Ada bermacam alasan untuk belum lengkapnya layanan di LTSA. Yang umum ditemui adalah alasan kendala sumber daya, baik dari segi anggaran, maupun SDM. Tercatat dalam kasus Karawang, ketika dipertanyakan mengapa belum Disdukcatpil belum hadir, jawaban yang diberikan adalah karena yang ditugaskan harus PNS, dan mereka belum dapat mengadakan SDM tersebut.

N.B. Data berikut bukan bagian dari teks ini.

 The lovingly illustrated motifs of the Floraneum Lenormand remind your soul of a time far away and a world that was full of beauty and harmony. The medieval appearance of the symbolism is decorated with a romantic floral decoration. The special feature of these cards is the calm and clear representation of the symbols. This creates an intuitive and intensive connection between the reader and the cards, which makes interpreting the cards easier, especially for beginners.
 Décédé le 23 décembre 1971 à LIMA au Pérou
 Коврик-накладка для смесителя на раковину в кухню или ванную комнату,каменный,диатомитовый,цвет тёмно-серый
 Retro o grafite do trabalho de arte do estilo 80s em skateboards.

Pada kasus LTSA yang lain, seperti misalnya di Lombok Timur, yang banyak dikerahkan sebagai perangkat LTSA adalah pegawai honorer, yang kemungkinan berdampak juga pada performa layanan kepada (calon) PMI.

Belum lengkapnya layanan di LTSA tentu berdampak pada pengurusan dokumen yang ke sana kemari dan berimplikasi dan pemborosan waktu dan bertambahnya biaya yang dikeluarkan oleh (calon) PMI. Pada kasus Banyuwangi misalnya, untuk pengurusan SKCK masih diarahkan ke Kantor Polres Banyuwangi yang lokasinya 20 menit dari gedung MPP, pengurusan paspor harus dilakukan di Kantor ULP Imigrasi Jember kelas II di Desa Ketapang, Kecamatan Kalipuro yang lokasinya 30 menit dari MPP. Yang lebih parah, pelaksanaan PAP tidak dapat dilakukan di MPP Banyuwangi, dan harus bertempat di Surabaya.

Dalam praktik yang saat ini berjalan, layanan terpadu yang disediakan untuk pekerja migran juga masih banyak mengambil format satu pintu, yang mengikuti logika yang berbeda dengan integrasi layanan di bawah satu atap.